Таких мыслей Зорко никому не поверял, даже Плаве. От них нисколько не уменьшалась любовь его к родным местам и вера в родовых богов, но, по разумению Зорко, если уж рисовать Серого Пса, то красиво, чтобы как живой был. Или чтобы как у вельхов: не сразу и скажешь по виду, пес это или басенное чудище, на пса похожее, но мигом поймешь, по сути: пес. Ныне, когда лежала в коробе книга с ликами аррантских богов, которых Пирос Никосич так не уважал, Зорко еще более утвердился в своем мнении.
Из двух легенд, что говорили о первом Сером Псе, куда более известна была та, где сказывалось про пса, что за людей заступился, когда боги на тех разгневались. Не мог понять Зорко, как это пес с богами говорил о таком: у собак свои слова были, как и у всего в мире, у богов — свои. Боги, конечно, могли язык собачий разуметь, да ведь у псов и слов таких не было, чтобы высказать речи, что первому Псу приписывались.
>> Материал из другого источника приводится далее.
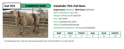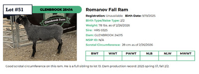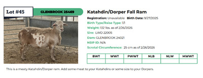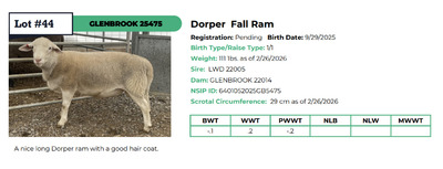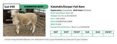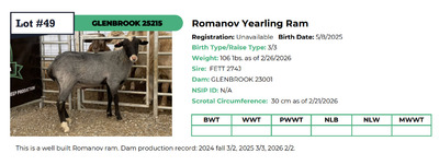 Glenbrook Farm SHEEP AUCTION 114 Glenbrook Rd, Leola PA, 17540 130 Hd. Katahdin, Dorper, Romanov Sheep Contact Agent: Myles Branch 336-583-5725 Catalog | Terms of Auction Download CATALOG Catalog | Terms Download CATALOG All Items (55) No Category (55) Categories All Items (55) No Category (55) Search Item #: Keyword: Search Catalog Item #: Keyword: 20 items per page 50 items per page 100 items per page Go to page #: 1 , 2 , 3 #41 – Katahdin 75% SEX: Ram CLASS: Fall EAR TAG: GLENBROOK 25480 WEIGHT: 121 SIRE: ZIM 23054 DAM: GLENBROOK 20334 DESCIPTION: Full sibling to lot 4. He is a nice long straight ram who's MWWT is in the top 5%. DOB: 09/29/25 Location: 114 Glenbrook Rd, Leola PA, 17540 Contact Agent: Myles Branch 336-583-5725 More Info / Bid Now Track this Item Sold High Bid: $950.00 – #1015 #41 – Katahdin 75% Sold High Bid: $950 More Details More Info / Bid Track Item SEX: Ram CLASS: Fall EAR TAG: GLENBROOK 25480 WEIGHT: 121 SIRE: ZIM 23054 DAM: GLENBROOK 20334 DESCIPTION: Full sibling to lot 4. He is a nice long straight ram who's MWWT is in the top 5%. DOB: 09/29/25 Location: 114 Glenbrook Rd, Leola PA, 17540 Contact Agent: Myles Branch 336-583-5725 #42 – Commercial Katahdin SEX: Ram CLASS: Fall EAR TAG: GLENBROOK 25494 WEIGHT: 124 SIRE: ZIM 23054 DAM: GLENBROOK 24334 DESCIPTION: A nice meaty commercial Katahdin ram with a wide front end on him. DOB: 10/09/25 Location: 114 Glenbrook Rd, Leola PA, 17540 Contact Agent: Myles Branch 336-583-5725 More Info / Bid Now Track this Item Sold High Bid: $925.00 – #143 #42 – Commercial Katahdin Sold High Bid: $925 More Details More Info / Bid Track Item SEX: Ram CLASS: Fall EAR TAG: GLENBROOK 25494 WEIGHT: 124 SIRE: ZIM 23054 DAM: GLENBROOK 24334 DESCIPTION: A nice meaty commercial Katahdin ram with a wide front end on him. DOB: 10/09/25 Location: 114 Glenbrook Rd, Leola PA, 17540 Contact Agent: Myles Branch 336-583-5725 #43 – Dorper SEX: Ram CLASS: Yearling EAR TAG: GLENBROOK 25375 WEIGHT: 136 SIRE: LWD 22005 DAM: GLENBROOK 23044 DESCIPTION: A medium framed thick Dorper ram with a good front end on him. DOB: 05/22/25 Location: 114 Glenbrook Rd, Leola PA, 17540 Contact Agent: Myles Branch 336-583-5725 More Info / Bid Now Track this Item Sold High Bid: $650.00 – #126 #43 – Dorper Sold High Bid: $650 More Details More Info / Bid Track Item SEX: Ram CLASS: Yearling EAR TAG: GLENBROOK 25375 WEIGHT: 136 SIRE: LWD 22005 DAM: GLENBROOK 23044 DESCIPTION: A medium framed thick Dorper ram with a good front end on him. DOB: 05/22/25 Location: 114 Glenbrook Rd, Leola PA, 17540 Contact Agent: Myles Branch 336-583-5725 #44 – Dorper SEX: Ram CLASS: Fall EAR TAG: GLENBROOK 25475 WEIGHT: 111 SIRE: LWD 22005 DAM: GLENBROOK 22014 DESCIPTION: A nice long Dorper ram with a good hair coat. DOB: 09/29/25 Location: 114 Glenbrook Rd, Leola PA, 17540 Contact Agent: Myles Branch 336-583-5725 More Info / Bid Now Track this Item Sold High Bid: $800.00 – #78 #44 – Dorper Sold High Bid: $800 More Details More Info / Bid Track Item SEX: Ram CLASS: Fall EAR TAG: GLENBROOK 25475 WEIGHT: 111 SIRE: LWD 22005 DAM: GLENBROOK 22014 DESCIPTION: A nice long Dorper ram with a good hair coat. DOB: 09/29/25 Location: 114 Glenbrook Rd, Leola PA, 17540 Contact Agent: Myles Branch 336-583-5725 #45 – Katahdin/Dorper SEX: Ram CLASS: Fall EAR TAG: GLENBROOK 25469 WEIGHT: 132 SIRE: LWD 22005 DAM: GLENBROOK 24021 DESCIPTION: This is a meaty Katahdin/Dorper ram. Add some meat to your Katahdins or some size to your Dorpers. DOB: 09/27/25 Location: 114 Glenbrook Rd, Leola PA, 17540 Contact Agent: Myles Branch 336-583-5725 More Info / Bid Now Track this Item Sold High Bid: $600.00 – #134 #45 – Katahdin/Dorper Sold High Bid: $600 More Details More Info / Bid Track Item SEX: Ram CLASS: Fall EAR TAG: GLENBROOK 25469 WEIGHT: 132 SIRE: LWD 22005 DAM: GLENBROOK 24021 DESCIPTION: This is a meaty Katahdin/Dorper ram. Add some meat to your Katahdins or some size to your Dorpers. DOB: 09/27/25 Location: 114 Glenbrook Rd, Leola PA, 17540 Contact Agent: Myles Branch 336-583-5725 #46 – Katahdin/Dorper SEX: Ram CLASS: Fall EAR TAG: GLENBROOK 25472 WEIGHT: 142 SIRE: LWD 22005 DAM: GLENBROOK 23308 DESCIPTION: A thick meaty Katahdin/Dorper ram. Add some meat to your Katahdins or some size to your Dorpers. DOB: 09/27/25 Location: 114 Glenbrook Rd, Leola PA, 17540 Contact Agent: Myles Branch 336-583-5725 More Info / Bid Now Track this Item Sold High Bid: $600.00 – #148 #46 – Katahdin/Dorper Sold High Bid: $600 More Details More Info / Bid Track Item SEX: Ram CLASS: Fall EAR TAG: GLENBROOK 25472 WEIGHT: 142 SIRE: LWD 22005 DAM: GLENBROOK 23308 DESCIPTION: A thick meaty Katahdin/Dorper ram. Add some meat to your Katahdins or some size to your Dorpers. DOB: 09/27/25 Location: 114 Glenbrook Rd, Leola PA, 17540 Contact Agent: Myles Branch 336-583-5725 #47 – Composite IV SEX: Ram CLASS: Fall EAR TAG: GLENBROOK 25430 WEIGHT: 115 SIRE: GLENBROOK 23233 DAM: GLENBROOK 22072 DESCIPTION: This is a 50% Romanov/25% Katahdin/ 25% Dorper ram. Like the idea of adding some Romanov genetics but don't want to go with too much Romanov? Use one of these Composite IV rams to add 25% Romanov to your ewe flock. DOB: 09/23/25 Location: 114 Glenbrook Rd, Leola PA, 17540 Contact Agent: Myles Branch 336-583-5725 More Info / Bid Now Track this Item Sold High Bid: $625.00 – #122 #47 – Composite IV Sold High Bid: $625 More Details More Info / Bid Track Item SEX: Ram CLASS: Fall EAR TAG: GLENBROOK 25430 WEIGHT: 115 SIRE: GLENBROOK 23233 DAM: GLENBROOK 22072 DESCIPTION: This is a 50% Romanov/25% Katahdin/ 25% Dorper ram. Like the idea of adding some Romanov genetics but don't want to go with too much Romanov? Use one of these Composite IV rams to add 25% Romanov to your ewe flock. DOB: 09/23/25 Location: 114 Glenbrook Rd, Leola PA, 17540 Contact Agent: Myles Branch 336-583-5725 #48 – Composite IV SEX: Ram CLASS: Fall EAR TAG: GLENBROOK 25482 WEIGHT: 95 SIRE: DAM: GLENBROOK 24214 DESCIPTION: This is a 50% Ro

Была и иная легенда, которую тоже знали все, но рассказывали и вспоминали редко. Но не жаловали ее матери рода, и ведуны к ней никогда не обращались. А Зорко она куда более по нраву пришлась.
В давние времена, когда людей на земле было мало, венны и сольвенны жили еще единым народом, сегванов на побережье вовсе не знали, а вельхи проживали повсюду от Галирада до Вечной Степи, предки рода Серого Пса обитали южнее отрога Самоцветных гор, что уходил почти до восходных побережий. Сейчас в том месте, где отрог подходит к морю, как знал теперь Зорко, лежала земля Аша-Вахишта. Но в стародавние времена часть веннов жила чуть южнее и гораздо дальше в глубь земли: до моря оттуда далеко было.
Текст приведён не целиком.